→ Source material:

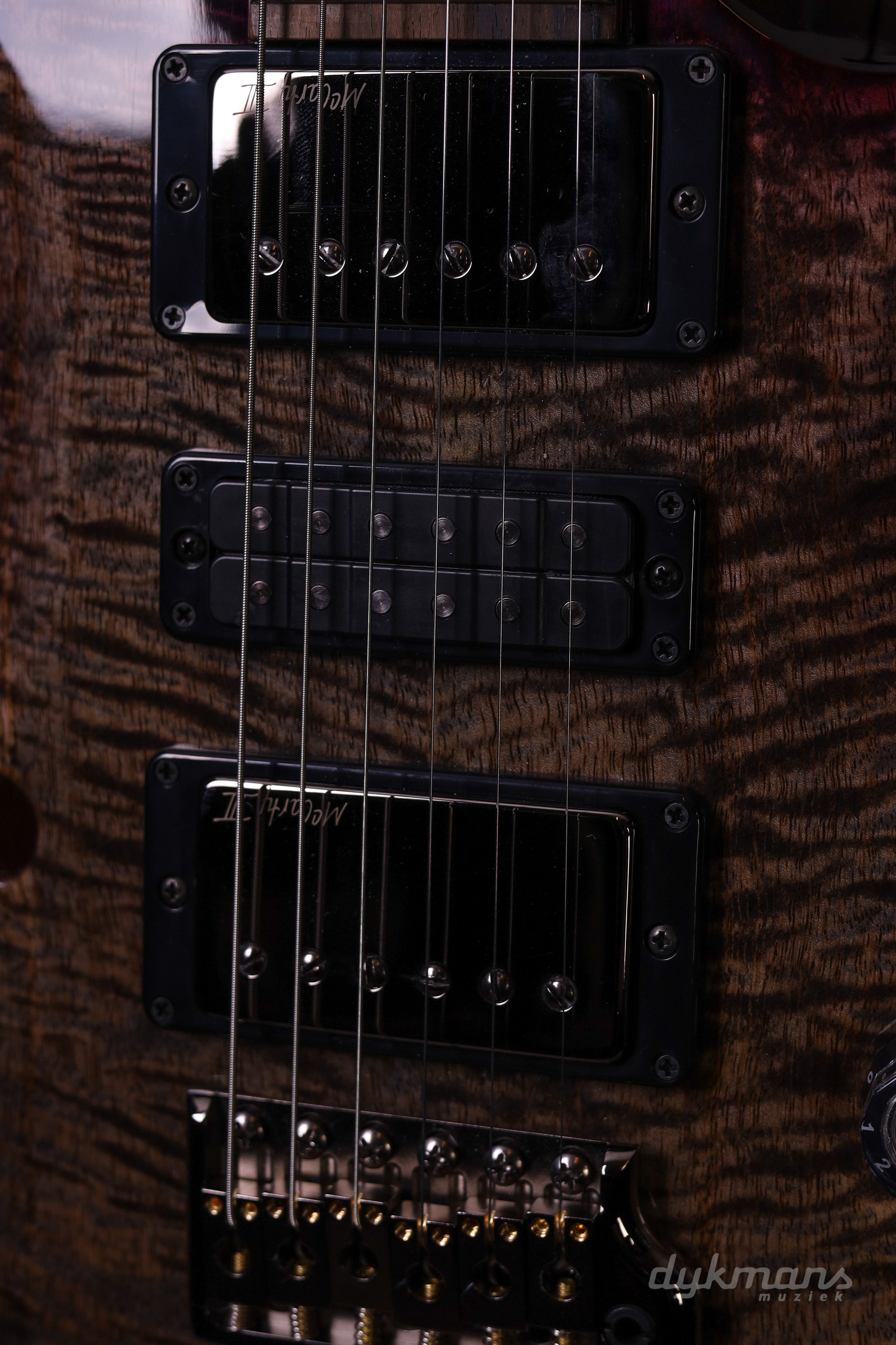 De basis is zoals je ’t verwacht: mahonie body en hals, 22 frets en een 25” mensuur. Speelt gewoon comfortabel en vertrouwd. Met de PRS Gen III tremolo en Phase III locking tuners blijft alles netjes op stemming, ook als je de tremolo goed gebruikt.
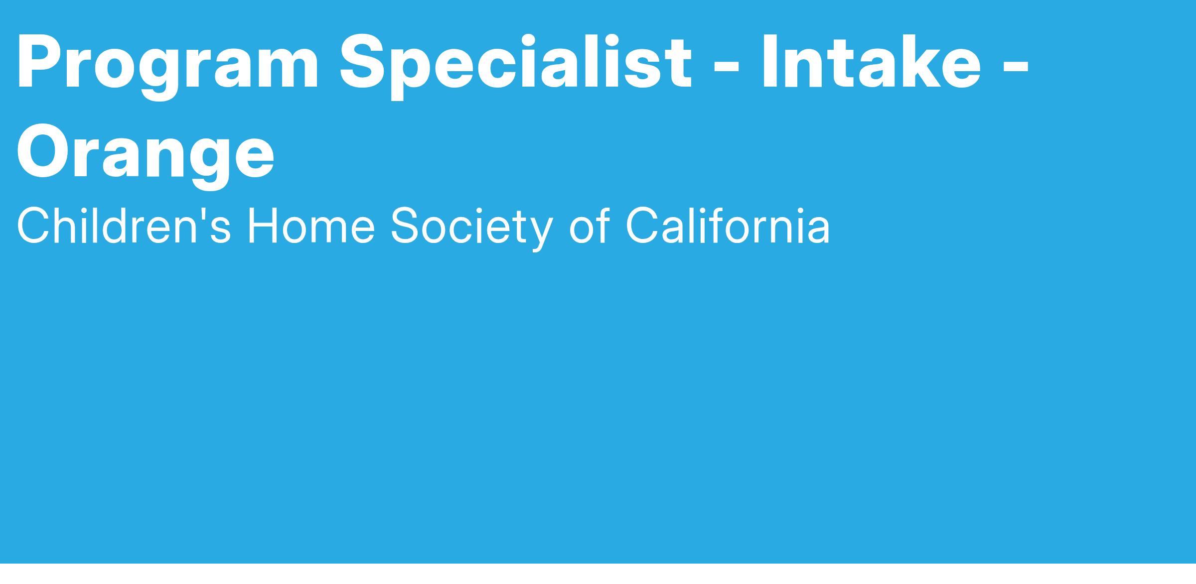 Under the supervision of Children’s Home Society of California’s (CHS) Program Manager, the Program Specialist will:
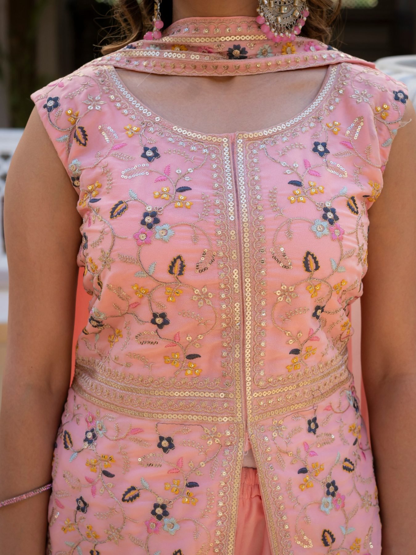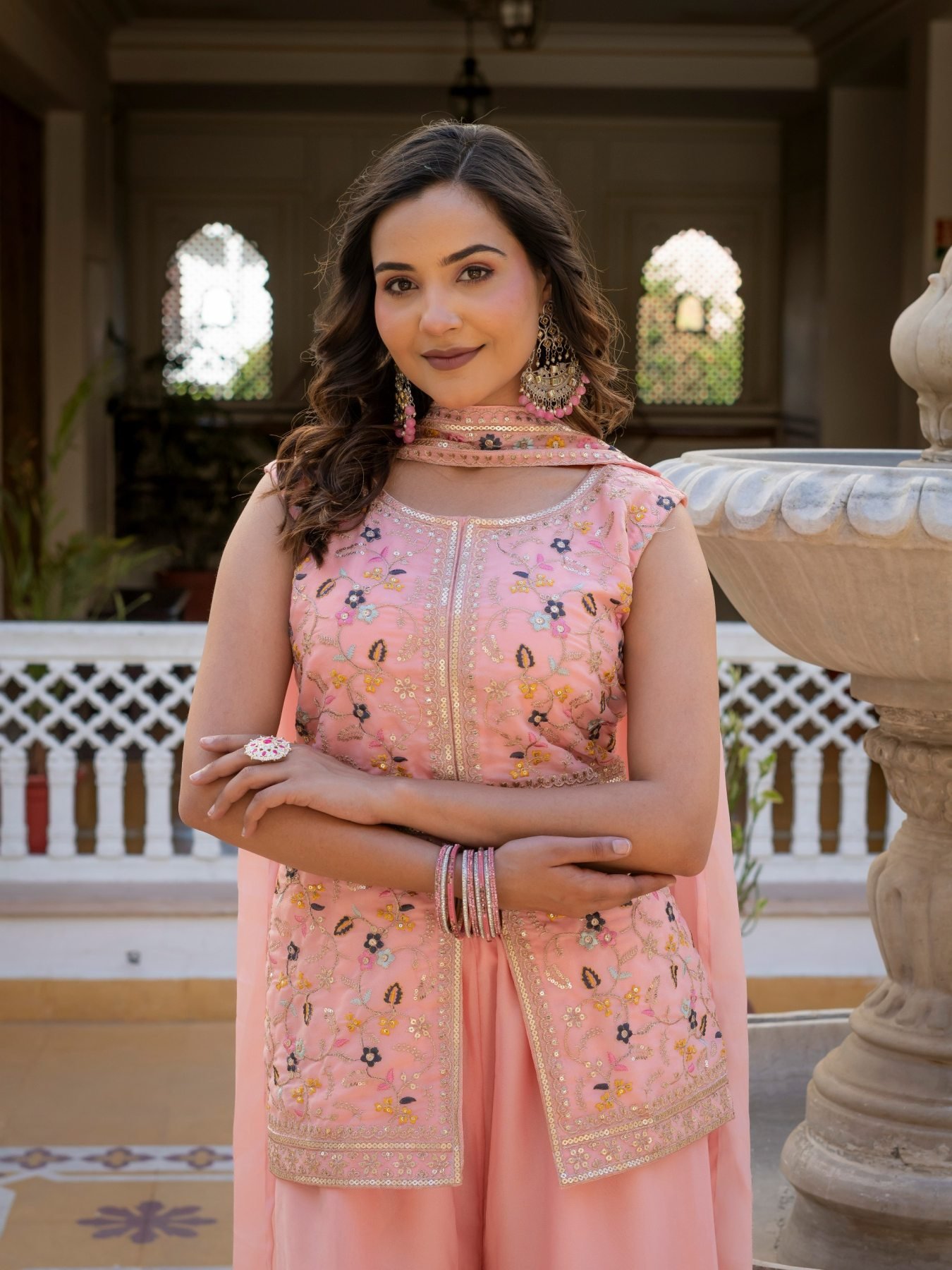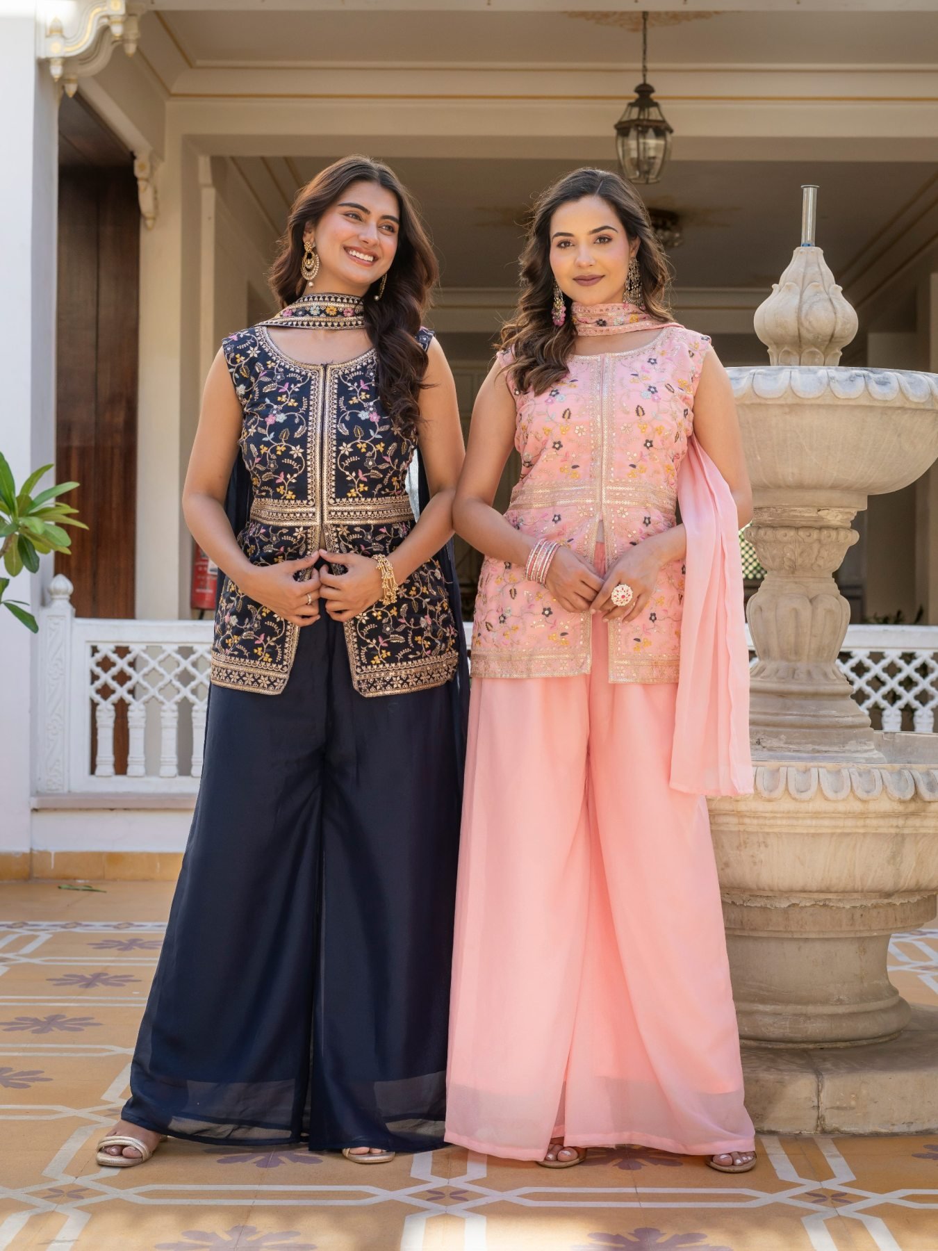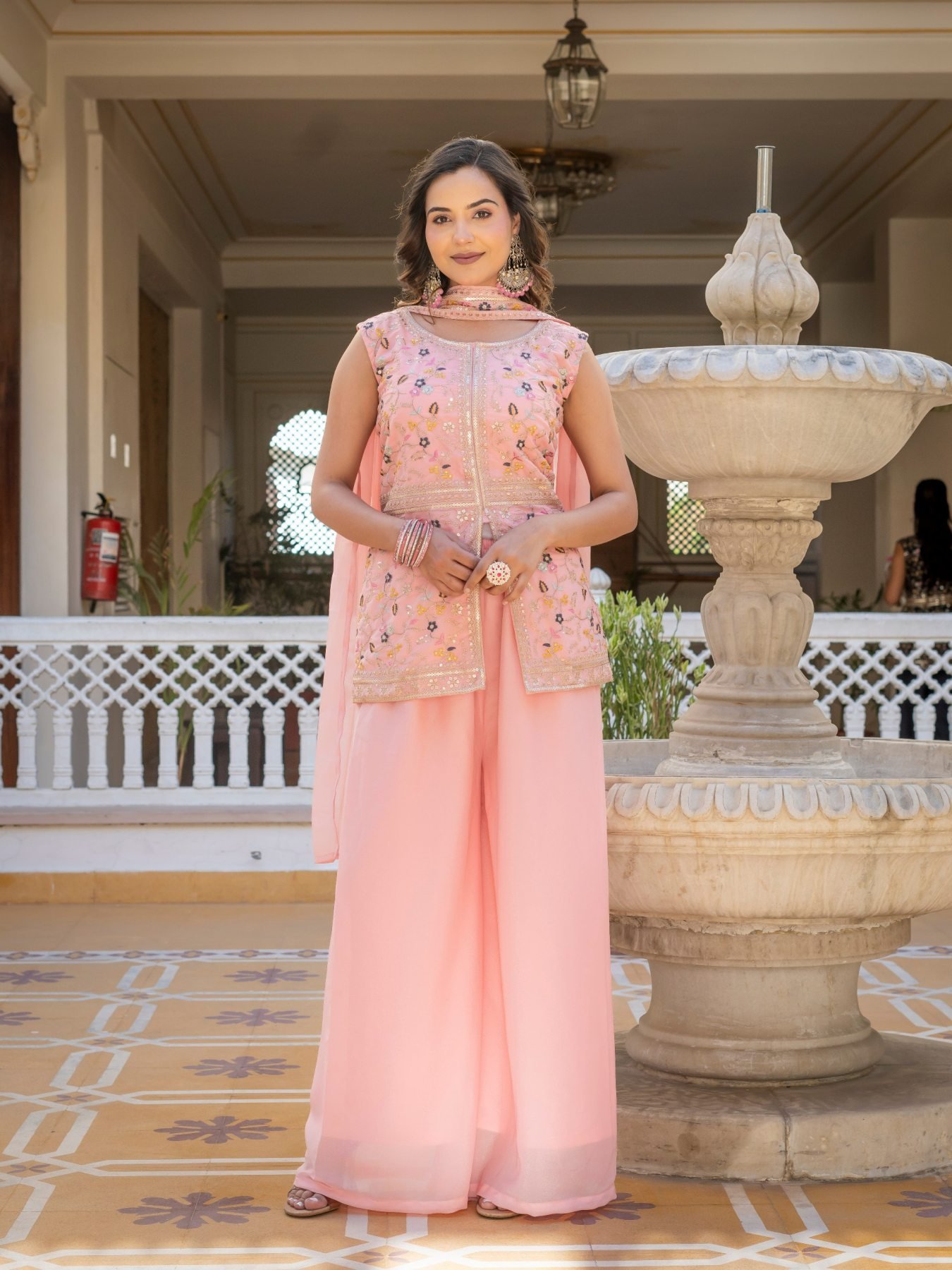 Stylish star georgette suit set with heavy embroidery top, palazzo, and matching dupatta. Lightweight and perfect for festive and party wear.

→ Task item: Starting at the line that contains "Under the supervision", write out exactly each line through the last one in the listing above, leaving out the pictures and adding nothing else.

→ Answer for this exercise:
 Under the supervision of Children’s Home Society of California’s (CHS) Program Manager, the Program Specialist will:
 Stylish star georgette suit set with heavy embroidery top, palazzo, and matching dupatta. Lightweight and perfect for festive and party wear.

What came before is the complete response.